Doctor Patil nodded toward Professor Abernathy, who took the cue. “In total? Four point seven million dollars.”
General Lindsey chuckled. “Five mil to come in and save them from an international incident, plus god knows how much collateral damage from restless natives? They got quite the bargain. I think that’s my favorite part with this as a corporate project rather than as a government organization. When we come in to save another country’s ass they don’t have to pay us, even though they should. Keep this up, and you’ll have this project in the black by Christmas.”
“It was a nice windfall,” Doctor Patil said with the casual confidence of someone used to such things, though his emotions were a blend of relief and fear. “But I’d prefer most of our missions be more reasonable than this one.”
Lindsey nodded his head. “Good luck. Now, if you don’t mind, I’m going to get back to bed.”
“Thank you, sir.” Patil waited for the screen to go off before exhaling.
The way they talked about that kind of money may have sounded cavelier, but it was a matter of perspective. A single modern tank costs about five million, and the aforementioned Apaches were ten times that last I checked. Canada didn’t have the same economic muscle as the United States, but the cost of a single tank to win a war before it started? They would pay that with a smile on their faces. Just a matter of perspective.

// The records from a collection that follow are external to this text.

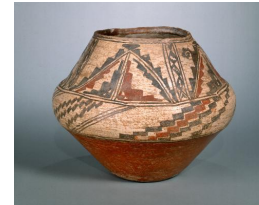
Title: Jar Date: c. 1750 Primary Maker: Ashiwi (Zuni) Medium: Clay, pigment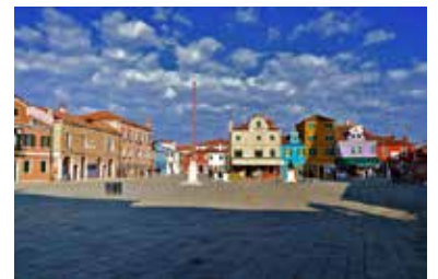
Lace, Museum, Piazza Galuppi, Burano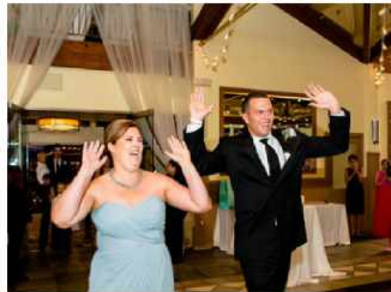
Me with my Brother making our entrance at a wedding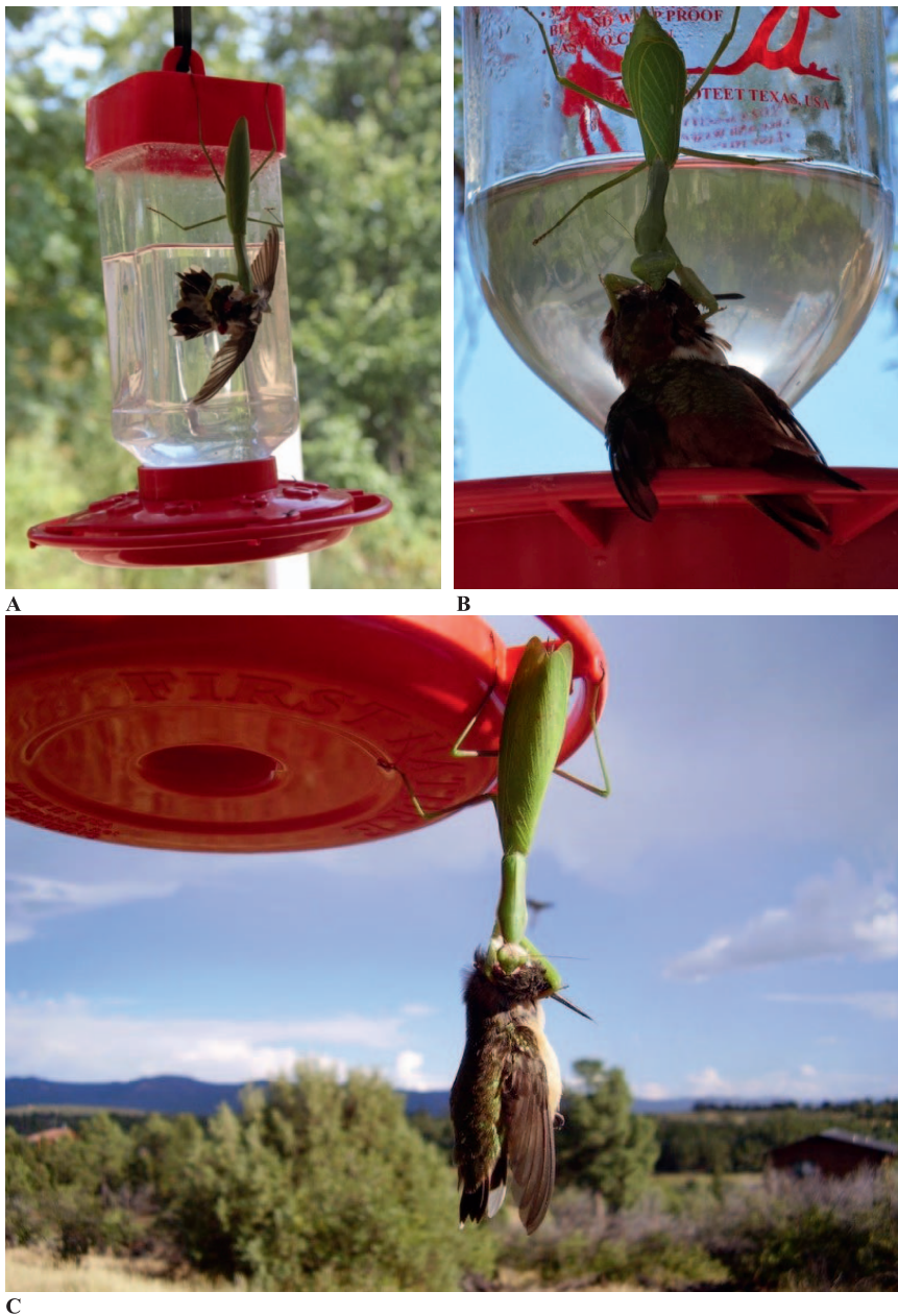
FIG. 1. Predation of birds by mantids at hummingbird feeder locations in the USA. (A) Tenodera sinensis eating a Ruby-throated Hummingbird ( Archilochus colubris) in Green Castle, Missouri ; (B) Stagmomantis limbata eating Allen's Hummingbird ( Selasphorus sasin) in San Juan Capistrano, California ; and (C) Mantis religiosa eating a Black-chinned Hummingbird ( Archilochus alexandri) in Millwood, Colorado.

The preponderance of predation events of hummingbirds in North America can be explained by several factors. First, North America is inhabited by some of the world's smallest birds,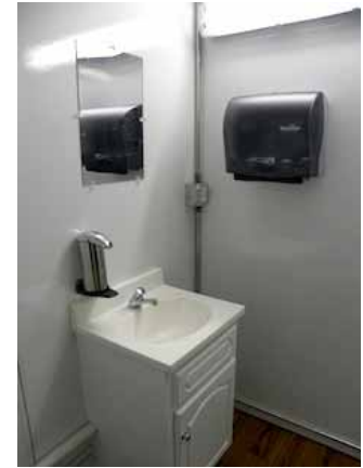
Fig. 3 Vanity - Automatic Soap/ Paper Towel - Safety Light Mirror - Smoke Detector Fire Extinguisher GFI Electrical Receptacle

All a matter of perspective. I ran my thumb over the ivory. For most people, this is a trinket worth a grand or two at most on the back market, but for the warrior who gave it to me, it represents a lifetime. “Almost five million dollars for a day’s work. How much did we initially charge?”
Professor Abernathy, after a glance at Patil, answered. “Two hundred thousand for the investigation, if it led to the apprehension of the suspect or suspects that may have been involved. While an on-the-spot execution wasn’t part of agreement, they agreed that it fell within the spirit the contract.”
I bet they did. “I can’t help but feel I’ve earned a portion of that extra payment. And I happen to know exactly what I want to buy with it.”